==== Task material

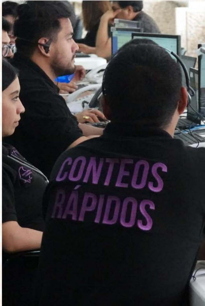
Esta jornada electoral será la primera en tener resultados con criterios científicos.

Es importante no confundir el conteo rápido oficial del INE con una encuesta o con el PREP (Programa de
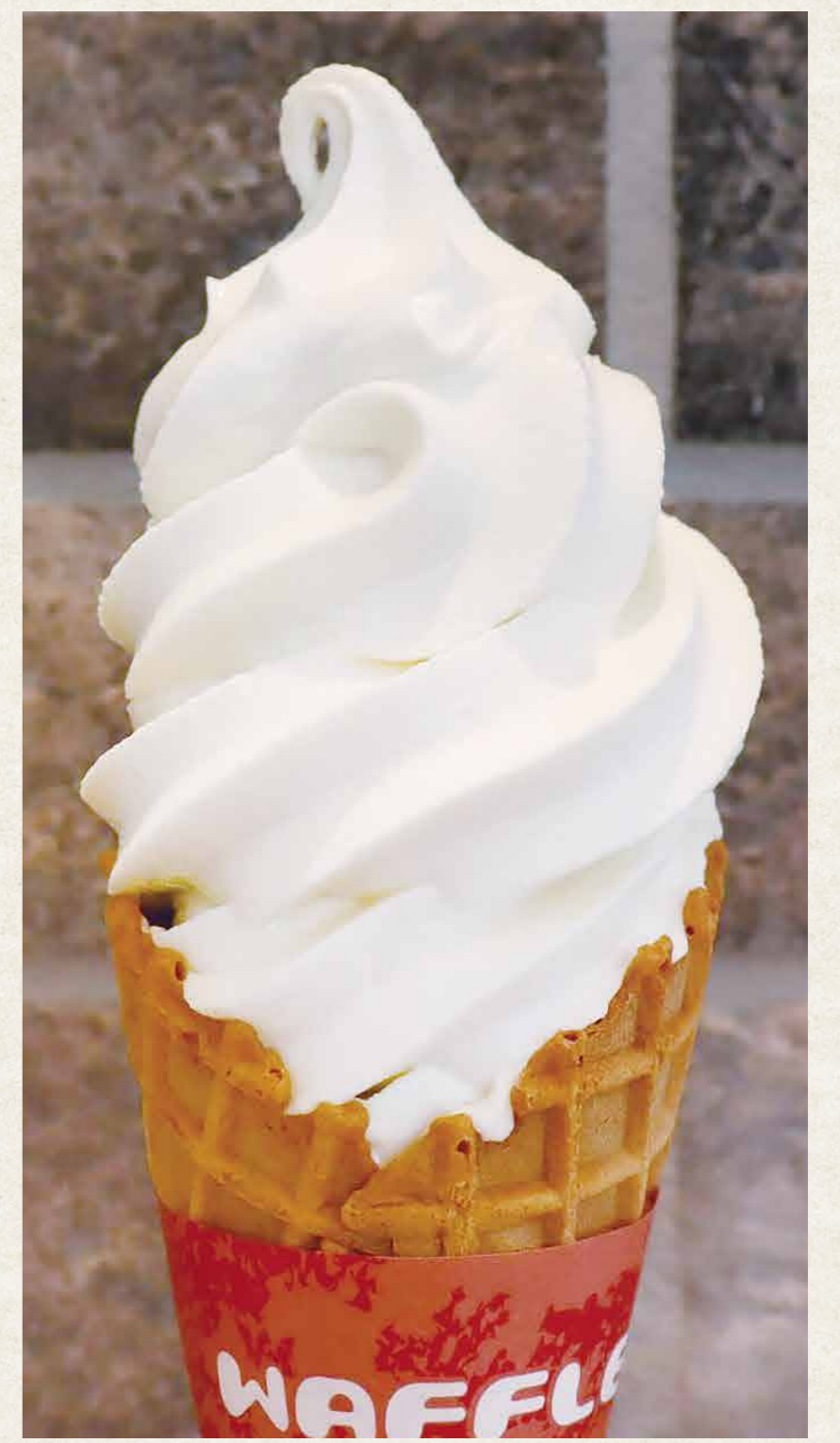
ソフトクリーム 北海道バニラ ¥280(税込¥308)
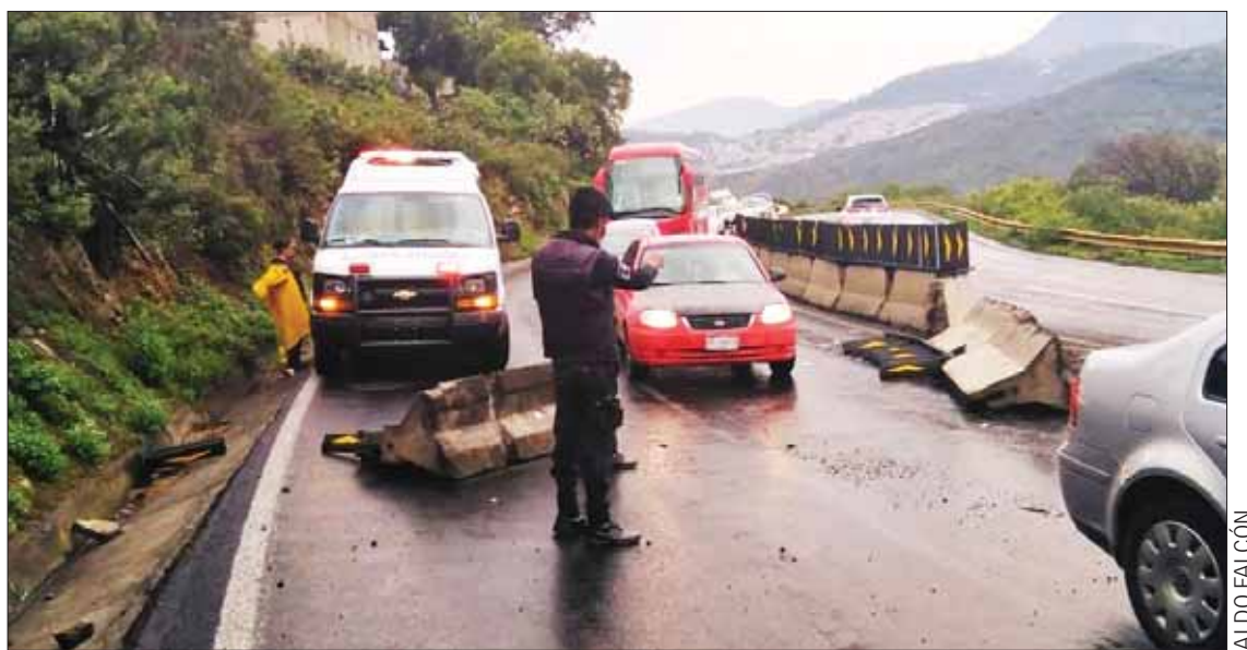
Debido a un accidente en el Corredor de la Montaña, donde el conductor del vehículo implicado huyó, las guarniciones del muro de contención fueron derribadas ocasionando bloqueo parcial en un carril; personal de Protección Civil de Mineral de la Reforma acudió al lugar para el retiro del material y realizar el abanderamiento necesario.
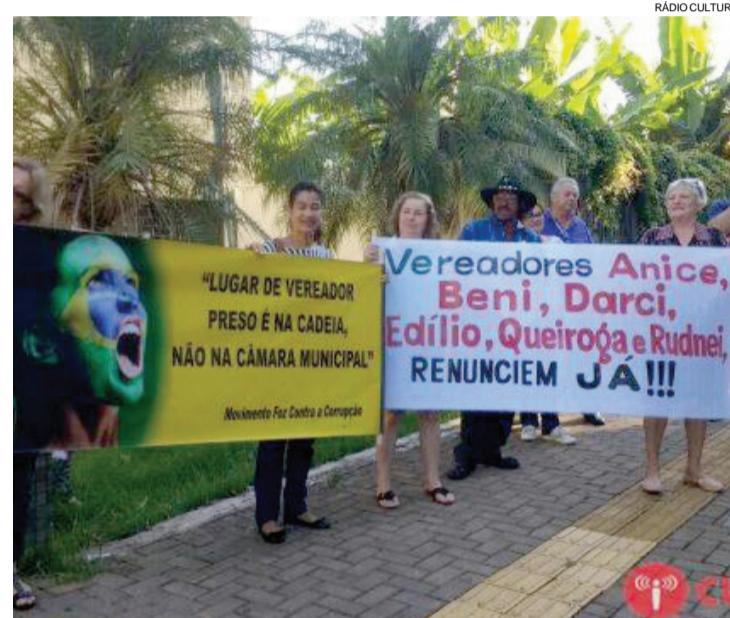
O protesto mobilizou dezenas de moradores de Foz do Iguaçu

deles temporariamente (por cinco dias) e os demais preventivamente (sem prazo para libertação). Cinco deles foram reeleitos e apelaram à Justiça para tomar posse a voltar imediatamente à prisão a fim de não perder o direito ao mandato conquistado nas urnas.
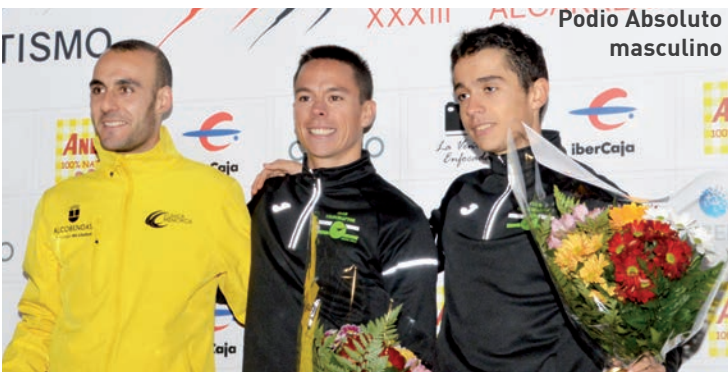
Podio Absoluto masculino

Solidaria con ADA y Cruz Roja Un año más, la prueba tuvo carácter solidario y una parte de la cuota de inscripción -5 euros para mayores de 15 años y 1 euro para menores de 14 años- se destina a ADA (Asociación de Padres, Familiares y Amigos de Personas con Discapacidad Intelectual y/o del Desarrollo de Azuqueca), que también va a recibir un donación de Ibercaja. Asimismo, se recogieron en la carpa de la zona de meta productos de higiene personal para adultos y bebés, así como productos de limpieza que se van a entregar a la Asamblea Local de Cruz Roja. •
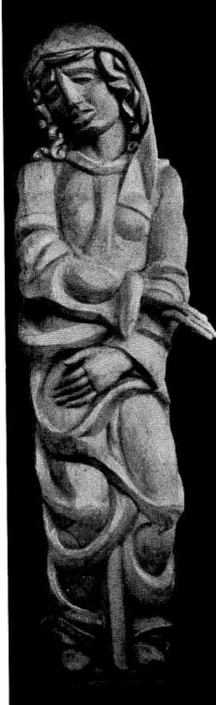
Franz Santifaller (Meran 1894 – 1953 Innsbruck) Die drei göttlichen Tugenden Hoffnung – Liebe – Glaube 1926/27

Lindenholz, grün getönt, H. jeweils ca. 300 cm Innsbruck Städtischer Westfriedhof Einsegnungshalle Nordwand
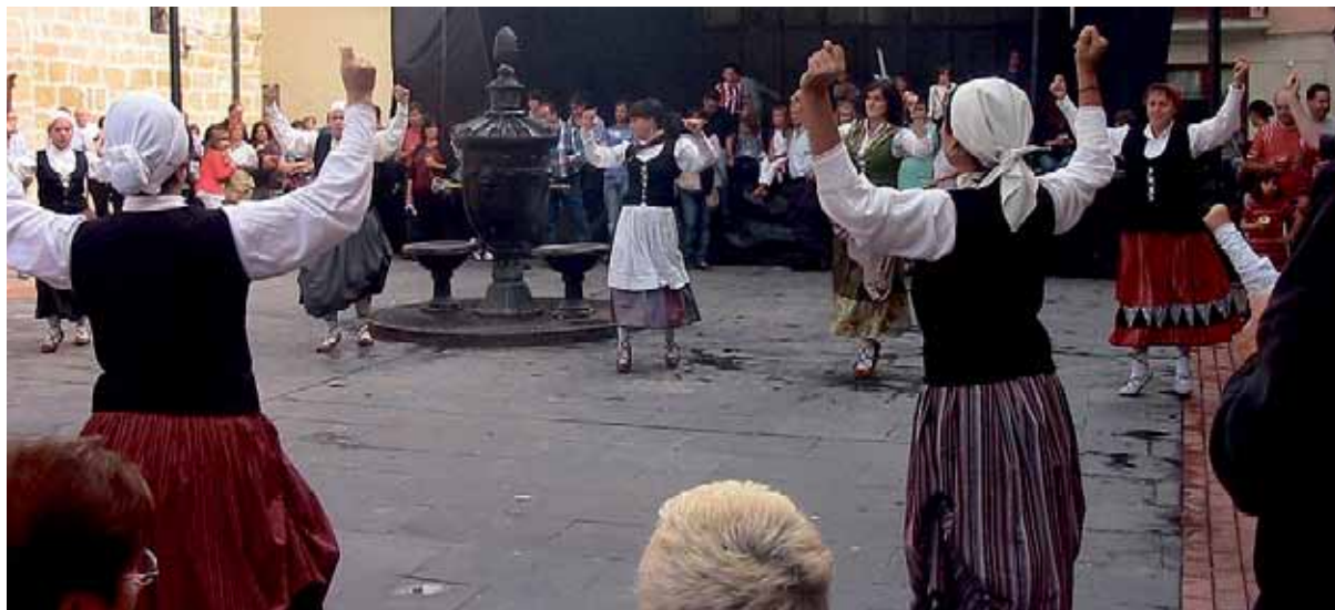
Dantzariak herriko plaza hartuko dute igande eguerdian. | JAVIER VEGAS FERNANDEZ
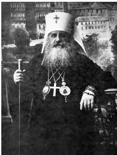
Портрет владыки Антония (Храповицкого), сделанный в фотоателье Пантелеимоновского монастыря, 1920 г.

Владыка Антоний (Храповицкий), будучи в сане архиепископа Вольнского, принял живейшее участие в остром споре вокруг Имени Божиего, разгоревшемся сначала на Святой Афонской Горе, а затем — во всем Русском Православии. Более того, его роль в этом драматическом эпизоде истории Русской Православной Церкви можно назвать ключевой.
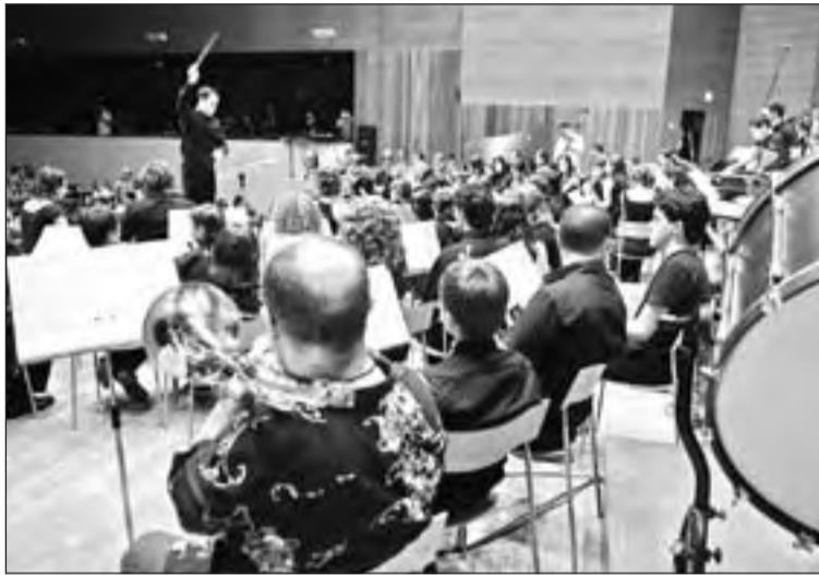
Els músics de L'Intèrpret actuaran a l'Auditori Enric Granados

L'Auditori Enric Granados acollirà aquest concert en el qual participaran més de 200 músics
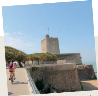
8. Fours-les-Bains, la presqu'île de Charente.
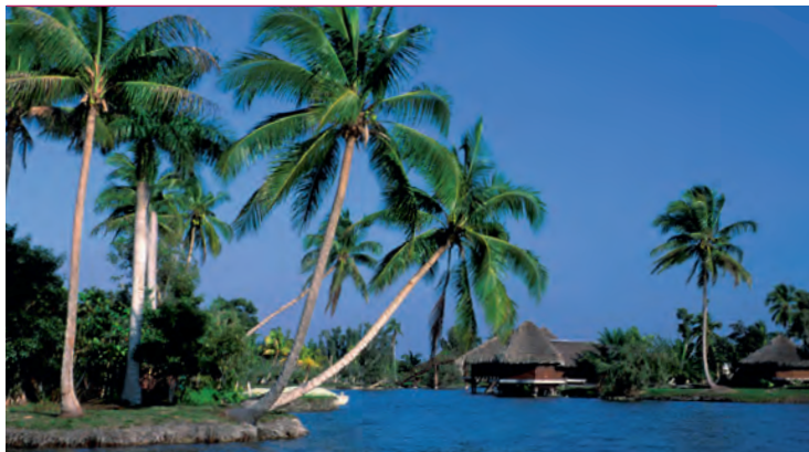
Карибский рай в Лагуне-дель-Тесоро на полуострове Сапата

заняты плодородными пастбищами, а ее одноименная столица также находится под охраной ЮНЕСКО.
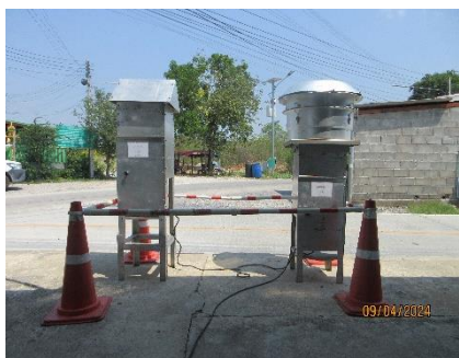
ตรวจวัดคุณภาพอากาศ
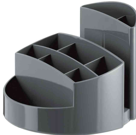
Multiköcher RONDO, dunkelgrau
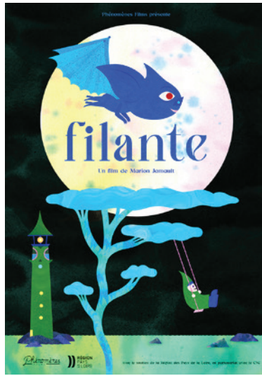
Filante , 2023, court métrage d'animation, 8'
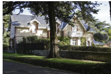
Vue d'ensemble de la villa Les Pâquerettes.
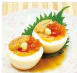
ウニクラのせ玉子 550円(税込)
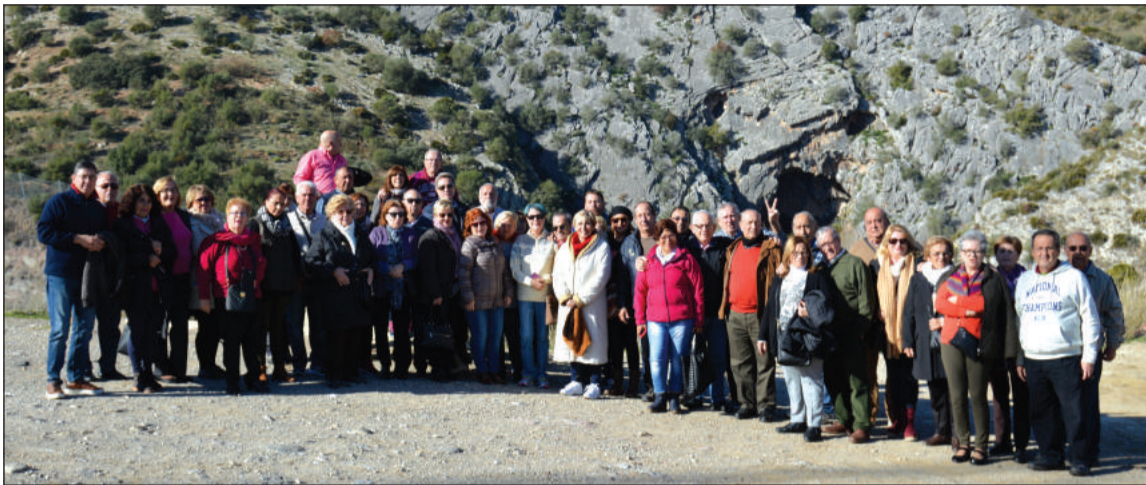
Grupo en el exterior de la Cueva del Gato.
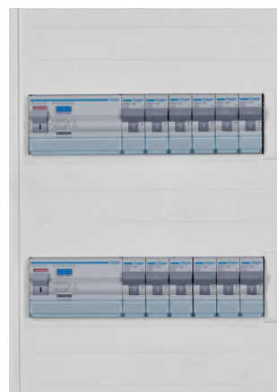
Abb. 3: FI-Schutzschalter mit sechs 1-poligen LS-Schaltern

Um beim Einsatz von FI-Schaltern die Verfügbarkeit hoch und das Risiko einer Überlast gering zu halten,
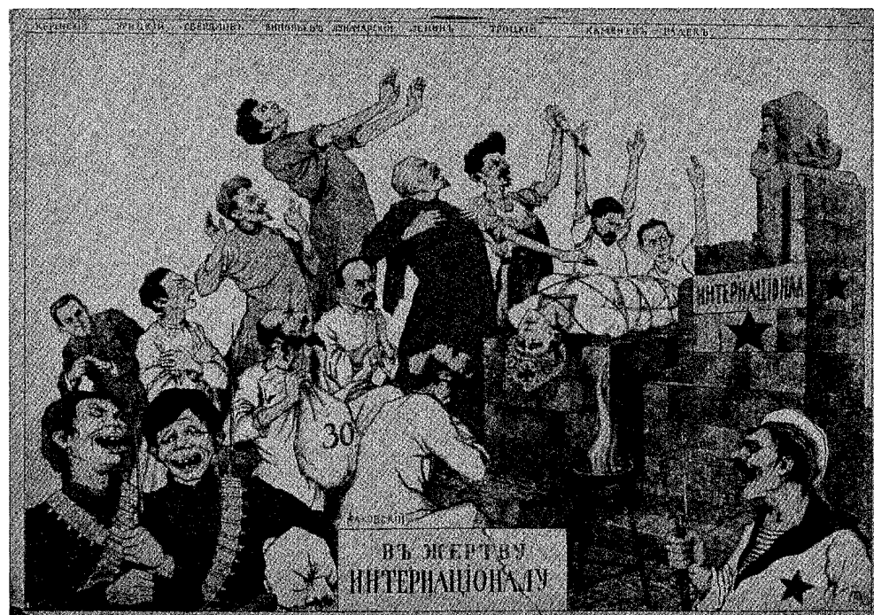
'הקרבה למען האינטרנציונל'. כרוזה של לשכת הידיעות של צבא המתנדבים (ОСВАГ). טוד עליין (משמאל לימין): אלכסנדר פ' קרנסקי, משה אוריזקי, יעקב מ' סברדלוב, גריגורי י' זינובייב, ולדימיר א' לנין, לב ד' טרוצקי, לב ב' קמנב, קרל ב' ראדק. טוד אמצעי (מימין לשמאל): כריסטיאן ג' רקובסקי, אנטולי ו' לונצ'רסקי.
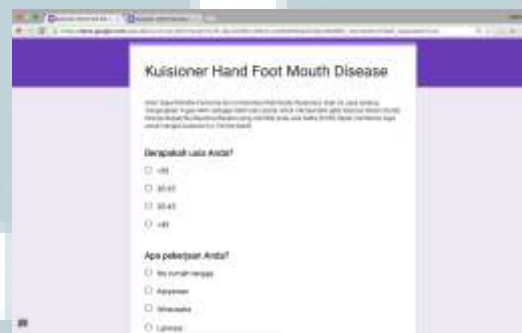
Gambar 3.1 Pertanyaan Kuesioner

media informasi apa saja yang sering digunakan. Kuesioner tersebut ditujukan secara khusus kepada orang tua yang memiliki anak usia 4-6 tahun dengan tingkat pendidikan minimal SMA. Penulis menentukan target kampanye sosial berdasarkan hasil riset studi literatur dan wawancara dengan narasumber ahli.

========

Exercise requirements: From the data above, return only the lines starting at the line that holds "L'Auditori Enric Granados acollirà" and ending at the line that holds "ウニクラのせ玉子 550円(税込)", word for word and without pictures.

Answer space:
L'Auditori Enric Granados acollirà aquest concert en el qual participaran més de 200 músics
8. Fours-les-Bains, la presqu'île de Charente.
Карибский рай в Лагуне-дель-Тесоро на полуострове Сапата

заняты плодородными пастбищами, а ее одноименная столица также находится под охраной ЮНЕСКО.
ตรวจวัดคุณภาพอากาศ
Multiköcher RONDO, dunkelgrau
Filante , 2023, court métrage d'animation, 8'
Vue d'ensemble de la villa Les Pâquerettes.
ウニクラのせ玉子 550円(税込)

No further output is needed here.